To avoid being tied to a particular technology, it is a good practice to abstract different functionalities in your codebase. This is way easier said than done. Let me share with you how my project, Theft-Market, evolved. First, I had separate functions for fetching data from Trulia, parsing the XML response, and writing to a datastore. But these were all in the same class and their functionalities intertwined (i.e., the parsing output was a dictionary that was matching my HBase schema). Then, I moved the parsing functions into Cython for a 2x improvement there. Finally, I re-contracted the parser to datastore writer interface to accept a more schema-agnostic dictionary for putting into a datastore. Also, I defined the same functions in my HBase Manager and Redis Manager classes. This last changed enabled me to change what self.kv_store_manager object was in the Trulia data fetcher for writing data and in the Flask web server for reads. The next minor step is to move this to configuration! To go a step further with this concept of abstraction, it could make sense to make abstractions across internal REST APIs, so you can separate functionalities from a particular language and separate computing hardware.
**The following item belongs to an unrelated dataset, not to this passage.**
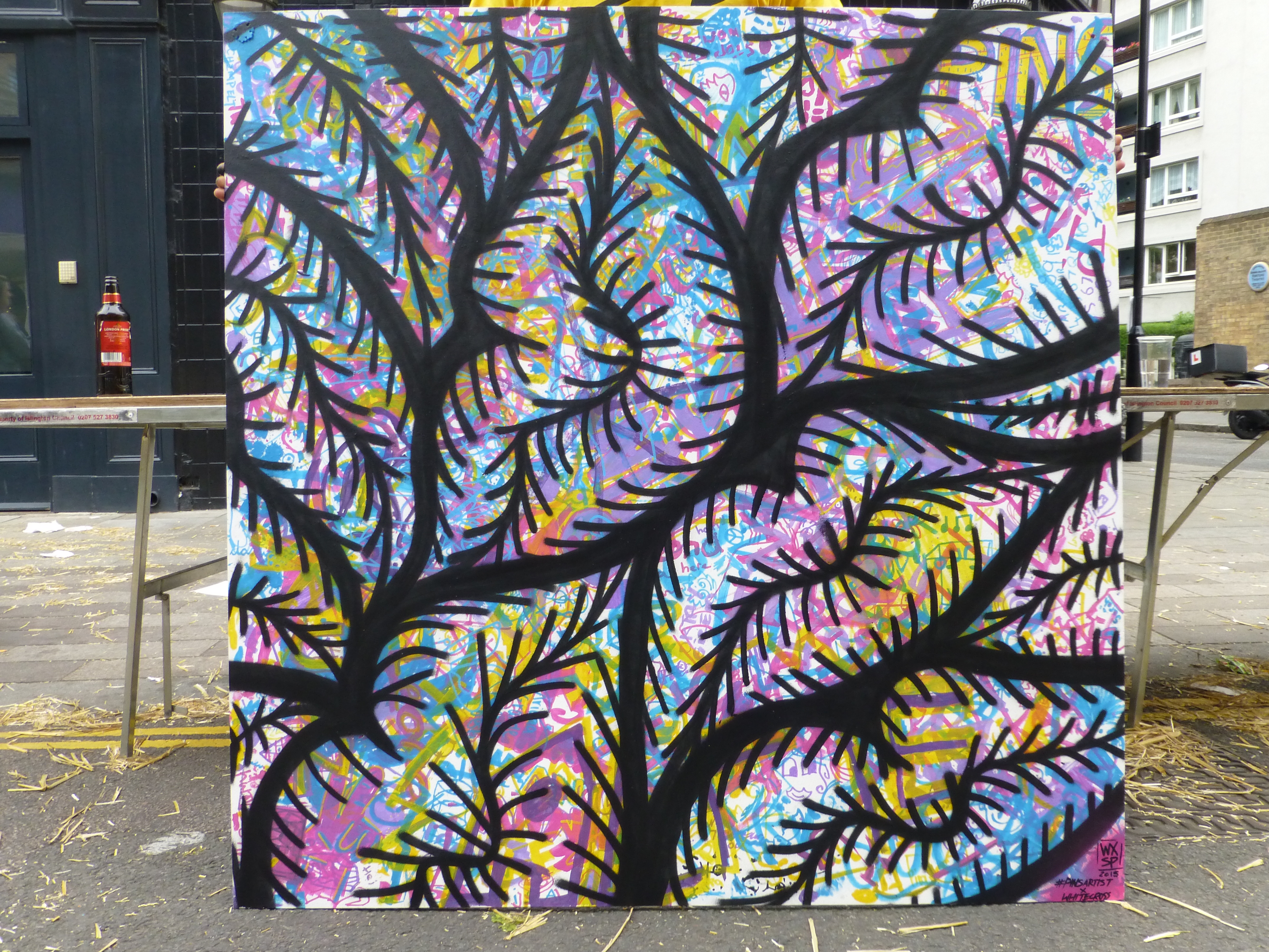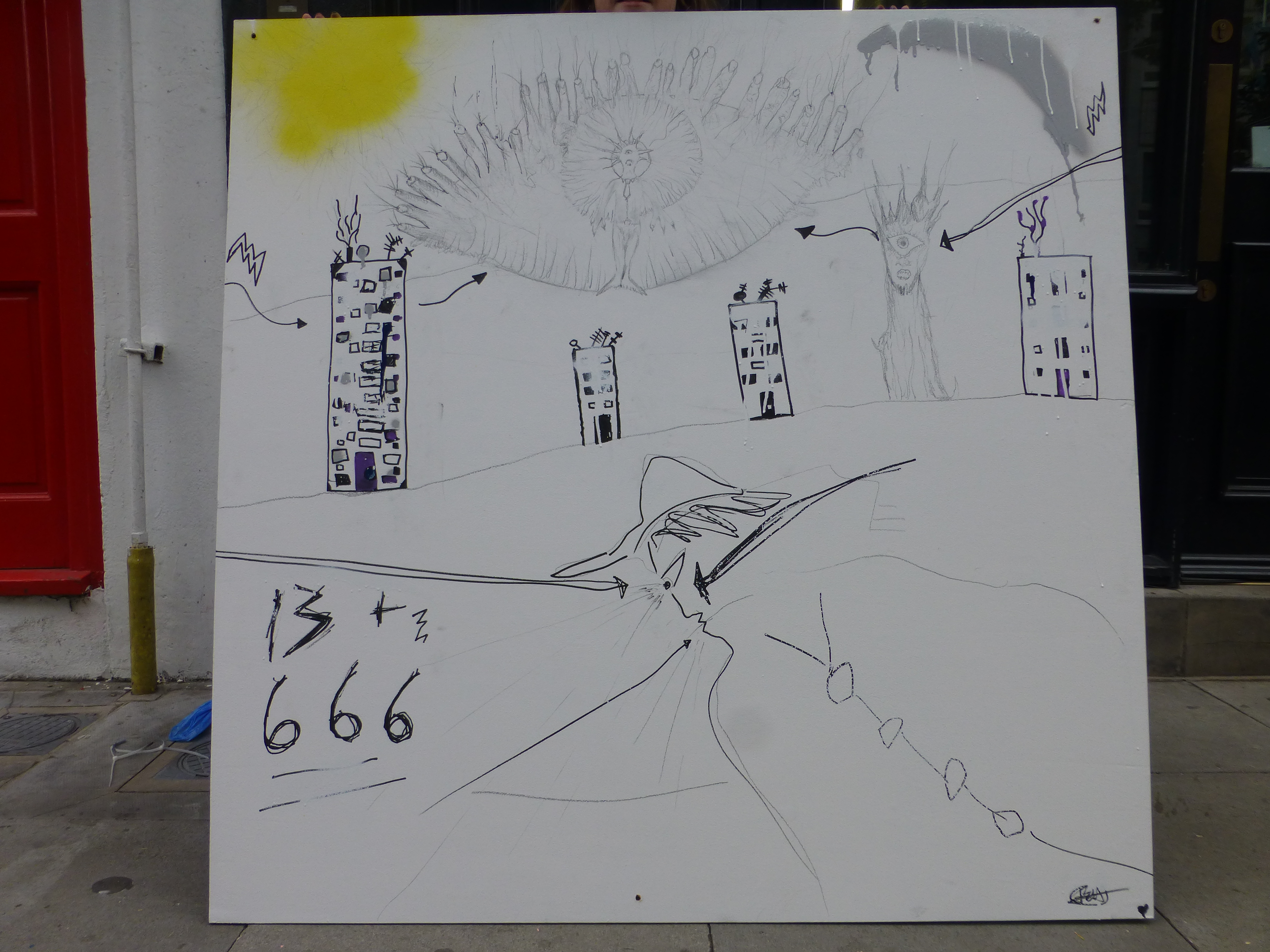 Work by PINS x Whitecross, with various participants drawing on the board in PINS trademark colours of yellow, blue and purple before PINS added his distinctive ‘Lipweed’ in black.
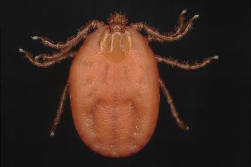 The Asian longhorn tick (Haemaphysalis longicornis) is one of the important economic pests ARS scientists are studying. (Photo courtesy of Perot Saelao)

The performance comparison I’ll present is more qualitative and anecdotal than precise and scientific, but exemplifies the stark underlying differences in Redis and HBase. First the setup, I’m using a 4-node cluster of 3 x m1-medium and 1 x m1-large with cloudera manager version 5.1.0, and I’m using the Thrift API with HappyBase for accessing HBase with Python. The standard Redis standalone install: apt-get install redis-server and pip install redis for the client client. I’m using the m1-large with 8 GB of memory for running the standalone Redis store. See the HBase/Redis schema part of the Theft-Market Schema page for the key and value structure.

Webserver Pipeline

First, the performance of HBase for getting 10 rows that were nearby each other (based on good row-key design) took around 100 ms. I noticed that when I was running puts to HBase (while getting additional data), the response time would triple but never stall for seconds. One issue that I continue to find is that the HBase Thrift server, which is what HappyBase connects to, is fragile and needs strong type checking prior to input. I also increased the Java heap size, which seemed to help a bit. Occasionally, it needs restarting anyways, so this is definitely something to be aware of. I may try the native Java API next time.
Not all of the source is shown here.